Room

Room Stockholm Syndrome

In Room, the TV interviewer references Stockholm Syndrome when talking to Ma, a syndrome which Ma stridently denies having. We will take a closer look at this syndrome, discussing the origins of the term and how it affects people.

The incident that led to the coinage of the term took place in August 1973 in Stockholm, Sweden. Four bank workers were taken hostage during a robbery of the Kreditbanken spearheaded by a career criminal, Jan-Erik Olsson. The standoff lasted for six days and, at its end, there seemed to be a peculiar sort of relationship formed between the captors and the hostages. Criminologist and psychiatrist Nils Bejerot reputedly coined the phrase "Stockholm Syndrome" to describe this fascinating phenomenon.

Stockholm Syndrome was further taken up by Dr. Frank Ochberg, who worked on defining it for the FBI and Scotland Yard. Ochberg explains his criteria: "First people would experience something terrifying that just comes at them out of the blue. They are certain they are going to die… Then they experience a type of infantilization—where, like a child, they are unable to eat, speak, or go to the toilet without permission… [Small acts of kindness—such as being given food—prompt a] primitive gratitude for the gift of life… The hostages experience a powerful, primitive positive feeling towards their captor. They are in denial that this is the person who put them in that situation. In their mind, they think this is the person who is going to let them live."

Studies of the syndrome reveal that the captors also often feel their sentiments towards the hostages change. Olsson explained years after, “It was the hostages' fault. They did everything I told them to do. If they hadn't, I might not be here now. Why didn't any of them attack me? They made it hard to kill. They made us go on living together day after day, like goats, in that filth. There was nothing to do but get to know each other." This phenomenon has also been given the name “Lima Syndrome” after a 1996 situation in Peru.

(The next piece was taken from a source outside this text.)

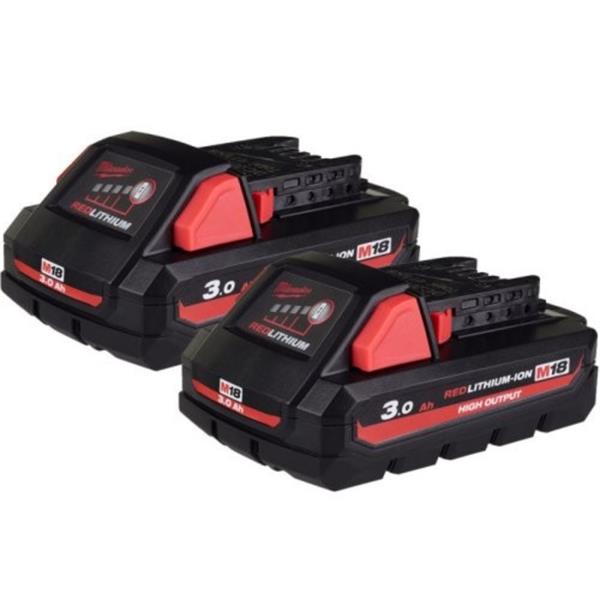 The Milwaukee 18V M18 2×3.0Ah RED LI-ION HIGH OUTPUT Battery/Charger Kit 4933471072 is an ideal kit for all trade professionals as well as DIYers. The battery packs provides up to 50% more power when compared against an M18 REDLITHIUM-ION battery pack. The Charger charges 2.0Ah, 4.0Ah, 5.0ah, 6.0Ah and 9.0Ah battery packs and can charge an M12 and M18 at the same time. This kit includes two 3.0Ah Batteries and a charger.

Psychologists and law enforcement often dispute the frequency with which the syndrome is said to occur, not to mention various aspects of its definition. An article from the BBC explains, “There are no widely accepted diagnostic criteria to identify the syndrome, which is also known as terror-bonding or trauma bonding, and it is not in either of the two main psychiatric manuals, The Diagnostic and Statistical Manual of Mental Disorders and the International Statistical Classification of Diseases and Related Health Problems (ICD).”

Nevertheless, Stockholm Syndrome has been applied to several significant cases within the decades following its origins as a term. It is associated with the kidnapping of Patty Hearst in 1974 as well as the more current case of Natasha Kampusch, held for eight years in a basement by her captor.